Step 1: Understanding the Concept:
Nitriles (\( \text{R-CN} \)) react with Grignard reagents (\( \text{R'MgX} \)) to form an imine salt intermediate, which upon acidic hydrolysis yields a ketone. Step 2: Detailed Explanation:
1. Addition: Methyl magnesium bromide (\( \text{CH}_{3}\text{MgBr} \)) adds to the triple bond of the cyanide (\( -\text{C} \equiv \text{N} \)) group in m-methoxybenzonitrile.
- The nucleophilic \( \text{CH}_{3}^{-} \) attacks the carbon, and \( \text{MgBr}^{+} \) associates with the nitrogen.
- Intermediate Q: \( \text{m-CH}_{3}\text{O-C}_{6}\text{H}_{4}\text{-C(CH}_{3}\text{)=NMgBr} \).
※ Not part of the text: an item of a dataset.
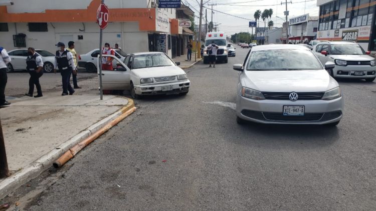 Una mujer que viajaba como copiloto resultó herida, luego de que otro automóvil les invadiera el carril provocando que chocaran contra una nomenclatura.
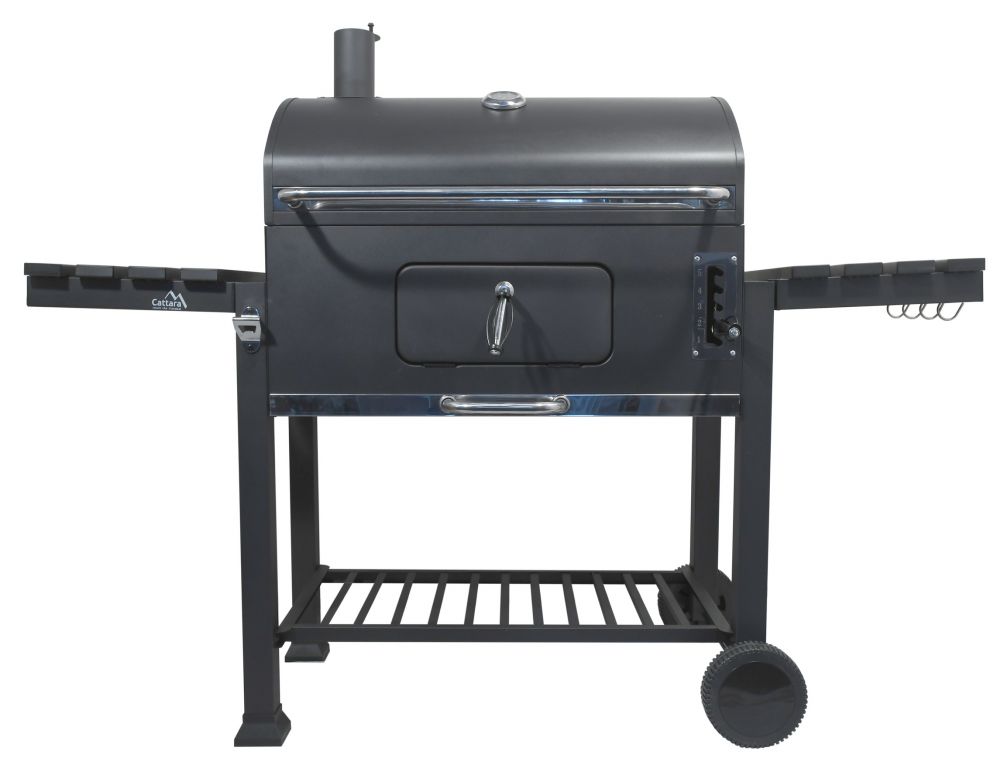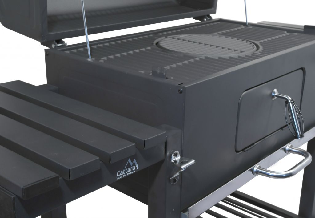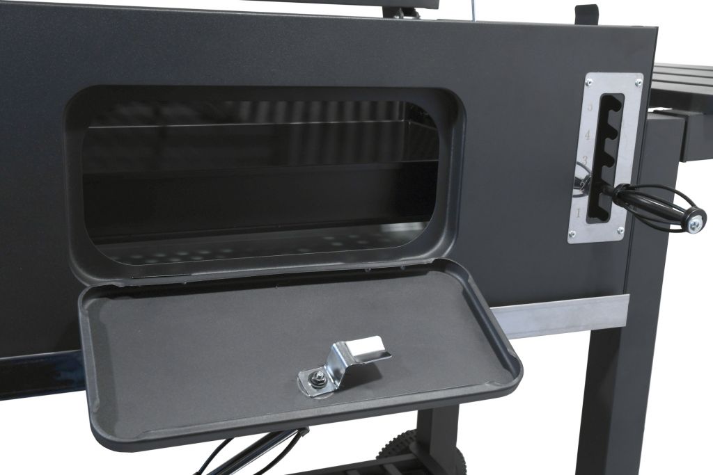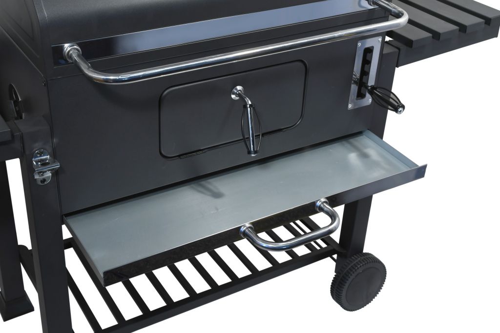 ROYAL GRANDE XXL je najväčší gril z radu ROYAL grilov na drevené uhlie pre najnáročnejších užívateľov. Vysoko stabilná konštrukcia z precízne opracovanej ocele je opatrená odolnou, hrubo čiernou farbou. Konštrukcia je doplnená 2 x kolieskami uľahčujúcimi mobilitu grilu. Rám v spodnej časti slúži na ďalšie zvýšenie stability a rovnako ako odkladací priestor. Na bočné strany sú doplnené skladacie poličky na odkladanie rozličného vybavenia na grilovanie, alebo odkladanie samotných pokrmov. Ovládacie kovové prvky a rukoväte majú dostatočné rozmery pre pohodlný úchop a zaisťujú ľahkú manipuláciu. Obojstranná oceľová regulácia ventilácie perfektne lícuje s konštrukciou. Vyklápacie veko je vo vrchnej časti doplnené komínom a navyše je opatrené teplomerom pre stálu kontrolu teplôt vo vnútri grilu. Pre samotnú tepelnú prípravu Vašich pochutín je gril opatrený robustným, trojdielnym, liatinovým roštom s okrúhlym stredom. Miesto strednej časti je po vybratí možné umiestniť napr. grilovacie panvice, pizza kameň a podobné (priemer 28-29 cm). Ďalej je grilovací priestor osadený odkladacím roštom na udržanie teploty už hotových pokrmov, alebo na ich predhriatie. Ďalšou prednosťou grilu je rošt na uhlie s nastaviteľnou výškou, grilovací priestor je tak možné regulovať pomocou mechanizmu na prednej strane, podľa požiadaviek daných pokrmov. Dvierka na čelnej strane grilu významne uľahčujú dopĺňanie uhlia. Na uľahčenie čistenia je potom určená zásuvka na popol v najspodnejšej časti grilovacieho priestoru.

2. Hydrolysis: Acidic hydrolysis (\( \text{H}_{3}\text{O}^{+} \)) converts the imine intermediate into a carbonyl group.
\[ \text{R-C(R')=NMgBr} + \text{H}_{3}\text{O}^{+} \longrightarrow \text{R-CO-R'} + \text{NH}_{4}^{+} + \text{Mg}^{2+} + \text{Br}^{-} \]
- Here, \( \text{R} = \text{m-methoxyphenyl} \) and \( \text{R'} = \text{methyl} \).
- Product P: 3-methoxyacetophenone. Step 3: Final Answer:
The product P is 3-methoxyacetophenone.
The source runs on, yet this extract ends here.